1. Field of the Invention

The present invention relates, in general, to a linear compressor and, more particularly, to a linear compressor having a linear motor that is supplied with power and operates a piston.

2. Description of the Related Art

Generally, a linear compressor is used to compress a refrigerant of a refrigeration apparatus, such as a refrigerator and an air conditioner, and refers to a compressor adopting a linear motor, which reciprocates linearly, as a drive means to reciprocate a piston.

A conventional linear compressor includes a cylinder block in which a compression chamber is formed, a piston which is placed in the compression chamber to be reciprocated, and a cylinder head in which an intake chamber to draw a refrigerant and a discharge chamber to discharge the refrigerant are formed.

Furthermore, for a drive means to reciprocate the piston, the conventional linear compressor includes a linear motor, which includes a mover combined with the piston and integrated with a cylindrical magnet surrounding the cylinder block, and a first core and a stator fixedly arranged in inside and outside of the mover, respectively.

The stator includes a second core formed of electrical steel sheets and a coil configured to generate a magnetic flux.
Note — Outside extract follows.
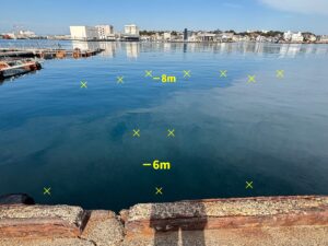 水深は場所によって少しムラはありますが、足元で5〜6m。少し沖で8mほどとかなり深いです。

In the second core, one side of the second core facing the magnet is opened, and two extended parts extend inward from both ends of an opening of the second core to a predetermined distance to cover portions of the opening. The two extended parts enable an area of the second core facing the magnet to increase so as to increase strokes of the magnet.
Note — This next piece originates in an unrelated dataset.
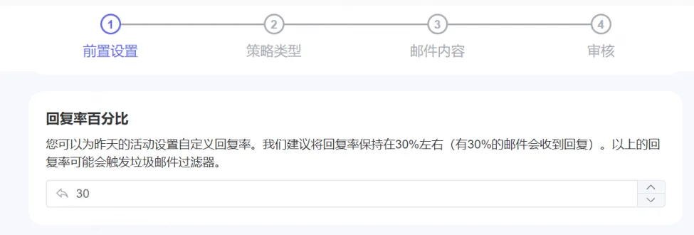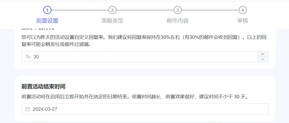 步骤1 设置您的预热活动邮件的回复率和活动截止日期

The coil is placed in a space inside the two extended parts, so that the second core generates a magnetic flux and the magnetic flux flows from the second core to the first core through the magnet.

However, in the conventional linear compressor, a location of installation of the coil is limited to a space inside the two extended parts of the second core.

Accordingly, a problem arises in that, if a diameter of the coil increases to increase an impellent force of the mover, a volume of the stator also has to increase.

SUMMARY OF THE INVENTION

Accordingly, it is an aspect of the present invention to provide a linear motor and linear compressor having the linear motor, which is capable of effectively improving an impellent force of a mover by improving a configuration of a coil wound around a stator.

Additional aspects and/or advantages of the invention will be set forth in part in the description which follows and, in part, will be obvious from the description, or may be learned by practice of the invention.

The above and/or other aspects are achieved by providing a linear compressor, including a mover reciprocating together with a piston to compress a refrigerant, and a stator generating a magnetic field to interact with the mover, the stator including a core provided with an opening at outside thereof, two extended parts extended inward from both ends of the opening of the core to cover portions of the opening and to be spaced apart from each other, and a coil wound in a space inside the two extended parts and a space between the two extended parts.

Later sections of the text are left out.